Please include in your homework submission:
The URL to the .Rmd file in your GitHub repository. and The URL for your rpubs.com web page
Load required packages
library(tidyr)
library(dplyr)
library(ggplot2)
airlinesUntidyDf<-read.csv("https://raw.githubusercontent.com/rathish-ps/Data607-Assignment/main/airlines.csv")

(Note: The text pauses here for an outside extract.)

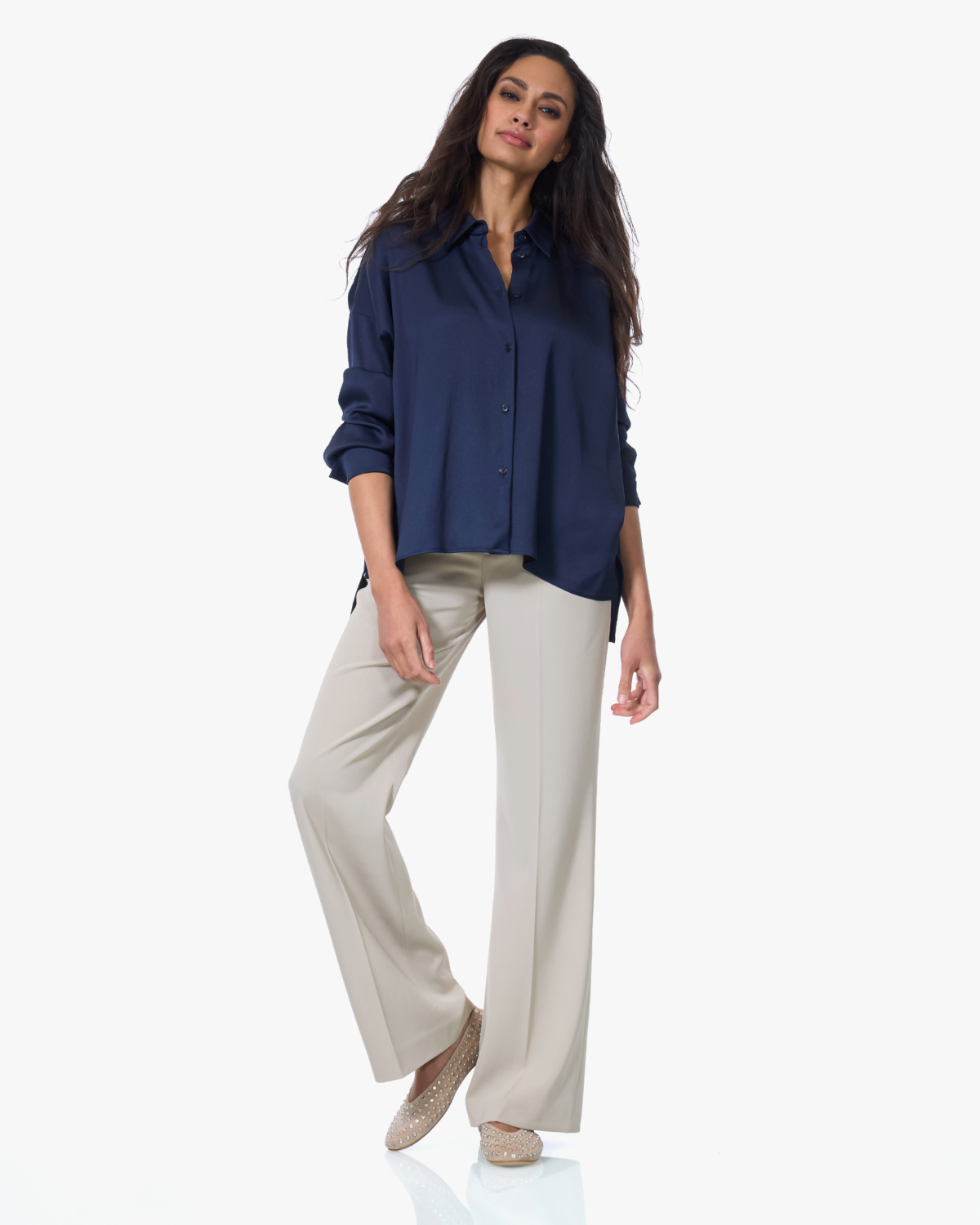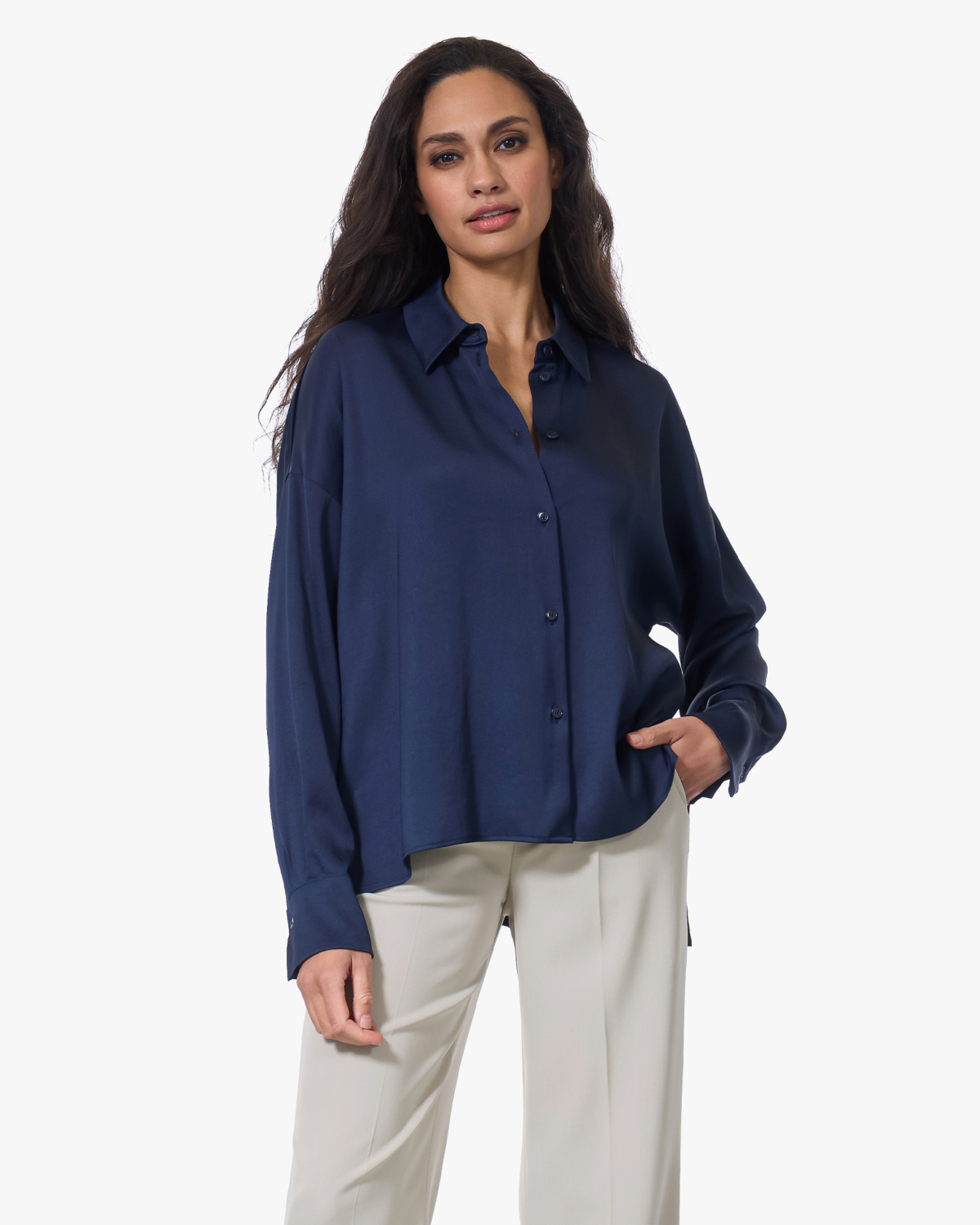 Deze tijdloze blouse in marineblauwe satijn van Drykorn combineert elegantie met draagcomfort. De klassieke kraag en knoopsluiting aan de voorzijde geven het shirt een verfijnde uitstraling. Met lange mouwen en manchetten met knoopjes biedt de blouse een regular fit die soepel om je lichaam valt. Het satijnen materiaal (96% acetaat, 4% elastaan) voelt zacht aan en heeft een subtiele glans die het ontwerp een luxe finish geeft.

## Warning in read.table(file = file, header = header, sep = sep, quote
## = quote, : incomplete final line found by readTableHeader on 'https://
## raw.githubusercontent.com/rathish-ps/Data607-Assignment/main/airlines.csv'
airlinesUntidyDf
## Airline Arrival.Status Los.Angeles Phoenix San.Diego San.Fransisco Seattle
## 1 ALASKA on time 497 221 212 503 1841
## 2 ALASKA delayed 62 12 20 102 305
## 3 AM WEST on time 694 4840 383 320 201
## 4 AM WEST delayed 117 415 65 129 61
Transform the data from wide format to long format
#Move the destination columns (3 to 7) from the untidy data frame into single destination column
#wide data into longer format and then widen the Arrival Status into separate columns
airlinesDf <- gather(airlinesUntidyDf,Destination, delays, 3:7) %>%spread(2,4)
airlinesDf
## Airline Destination delayed on time
## 1 ALASKA Los.Angeles 62 497
## 2 ALASKA Phoenix 12 221
## 3 ALASKA San.Diego 20 212
## 4 ALASKA San.Fransisco 102 503
## 5 ALASKA Seattle 305 1841
## 6 AM WEST Los.Angeles 117 694
## 7 AM WEST Phoenix 415 4840
## 8 AM WEST San.Diego 65 383
## 9 AM WEST San.Fransisco 129 320
## 10 AM WEST Seattle 61 201
Add additional columns for total , percentages for On time and delays
#Add additional columns for total flights , on time and delayed percentages
airlinesTfDf <- airlinesDf %>%
mutate(total = delayed + `on time`,prcntOnTime = round(100 * `on time` / total, 2), prcntDelayed = round(delayed / total * 100, 2))
airlinesTfDf
## Airline Destination delayed on time total prcntOnTime prcntDelayed
## 1 ALASKA Los.Angeles 62 497 559 88.91 11.09
## 2 ALASKA Phoenix 12 221 233 94.85 5.15
## 3 ALASKA San.Diego 20 212 232 91.38 8.62
## 4 ALASKA San.Fransisco 102 503 605 83.14 16.86
## 5 ALASKA Seattle 305 1841 2146 85.79 14.21
## 6 AM WEST Los.Angeles 117 694 811 85.57 14.43
## 7 AM WEST Phoenix 415 4840 5255 92.10 7.90
## 8 AM WEST San.Diego 65 383 448 85.49 14.51
## 9 AM WEST San.Fransisco 129 320 449 71.27 28.73
## 10 AM WEST Seattle 61 201 262 76.72 23.28
#summary(airlinesTfDf)
#Create a summary record for each airline
airlineSummaryDf <- airlinesTfDf %>%
group_by(Airline) %>%
summarise(totalDelayed = sum(delayed), totalOnTime = sum(`on time`), totalFlights = sum(total))
# Add additional columns for percentage - on-time and delayed flights
airlineSummaryDf<- airlineSummaryDf %>% mutate(percentOntime = round(totalOnTime/totalFlights * 100, 2),percentDelayed = round(totalDelayed/totalFlights * 100, 2))
airlineSummaryDf
## # A tibble: 2 x 6
## Airline totalDelayed totalOnTime totalFlights percentOntime percentDelayed
## <chr> <int> <int> <int> <dbl> <dbl>
## 1 ALASKA 501 3274 3775 86.7 13.3
## 2 AM WEST 787 6438 7225 89.1 10.9
Bar plot for each destination by Airline
#bar plot for ontime flights
plt <- ggplot(airlinesTfDf, aes(y=prcntOnTime , x = Airline, color = Airline, fill = Airline)) +
geom_bar( stat = "identity") +
geom_text(aes(label = prcntOnTime ), vjust = -.35) +
ylim(0, 95) +
facet_wrap(~Destination) +
ylab("Percentage - On time Flights") +
ggtitle("Percentage of On time Flights / Airline / Destination")
plt
# bar plot for delayed flights
plt1 <- ggplot(airlinesTfDf, aes(y=prcntDelayed, x = Airline, color = Airline, fill = Airline)) +
geom_bar( stat = "identity") +
geom_text(aes(label = prcntDelayed), vjust = -.35) +
ylim(0, 30) +
facet_wrap(~Destination) +
ylab("Percentage - Delayed Flights") +
ggtitle("Percentage of Delayed Flights / Airline / Destination")
plt1
It is clear from the summary data that ‘ALASKA’ airline has more percentage delay than ‘AM WEST’ airline ,even though ‘AM WEST’ has more percentage delay for each destination. This is mostly because of the number of flights operated by each airline to different destinations are different.